Nevertheless, the appellate panel affirmed the conviction because the issue was not preserved for appeal, and does not raise fundamental error.

“[F]or an argument to be cognizable on appeal, it mist be the specific contention asserted as legal ground for the objection … below.” Aills v. Boemi, 29 So. 3d 1105, 1108 (Fla. 2010) (quoting Harrell v. State, 894 So. 2d 935, 940 (Fla. 2005)). “[N]o magic words are required,” but “the concern articulated in the objection must be sufficiently specific to inform the court of the perceived error.” Id. at 1109 (brackets added).

The Court explained that a “hearsay” objection does not preserve the argument that a Sixth Amendment confrontation right has been violated. See Lopez v. State, 888 So. 2d 693, 697 (Fla. 1st DCA 2004) (confrontation right guaranteed by the Sixth Amendment “differs from the kind of protection that is afforded by state evidence rules governing the admission of hearsay.”) ; see also Perry v. State, 927 So. 2d 228, 228 (Fla. 1st DCA 2006) (“‘hearsay’ objection fails to preserve the argument that one’s Sixth Amendment confrontation right has been violated.”) An objection based on the right to confrontation allows the court to focus its attention on whether the evidence is testimonial, whether a witness is unavailable, and whether the defendant had a previous opportunity for cross-examination. Crawford, supra, at 68.

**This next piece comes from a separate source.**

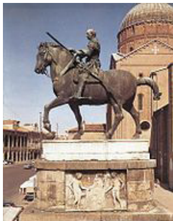
تصویر ۶- گاتاملاتا.

دوناتلو در ۱۴۴۳م. به ونیز در شمال ایتالیا سفر کرد تا سفارش ساخت پیکره فرمانده لشکریان ونیز را به انجام برساند. این پیکره یادآور پیکره سوار بر اسب مارکوس اورلیوس ۲۸ است که احتمالاً دوناتلو در دیدار از رم آن را دیده بود. این پیکره که بر بالای پایه‌ای بلند و بیضی شکل قرار گرفته تا از محیطش مجزا شود، تجلی سرآغاز استقلال پیکرتراشی از معماری است. امیر ارتش در زرهی که تلفیقی است از سبک رنسانس و رومی، نمایش داده شده و در کل اثر، شکل‌ها، جهت افزایش حجم ظاهری، ساده شده‌اند. این اثر که محل اتحاد میان آرمان و واقعیت است (جنسن، ۱۳۵۹، ۳۲۱)، با ترکیب هر می‌شکل خود به آثار کلاسیک اوج رنسانس نزدیک می‌شود. «البته این گرایش‌های یونانی نبود، بلکه نگرش‌های همانندی را باز می‌تابانید» (پاکباز، ۱۳۷۸، ۲۶۳). چهره این پیکره بیش از شباهت به اصل، چهره‌ای آرمانی از فرماندهی است که دوناتلو احتمالاً هرگز وی را ندیده چرا که پیش از ورود وی به پادوا از جهان رفته بود (هارت،

The defense objection did not mention the Sixth Amendment, the Confrontation Clause, or Crawford, supra. Defense counsel also failed to make the objection that the evidence was testimonial, that the witness was unavailable, or that there was no prior opportunity for cross-examination. Bennett failed to call the trial court’s attention to the right inquiry. Since the issue was not preserved for appellate review, the conviction was affirmed.

The Bennett decision impresses upon criminal defense trial lawyers the importance of the constitutional right to confront witnesses and making the right objections to preserve important issues for appellate review.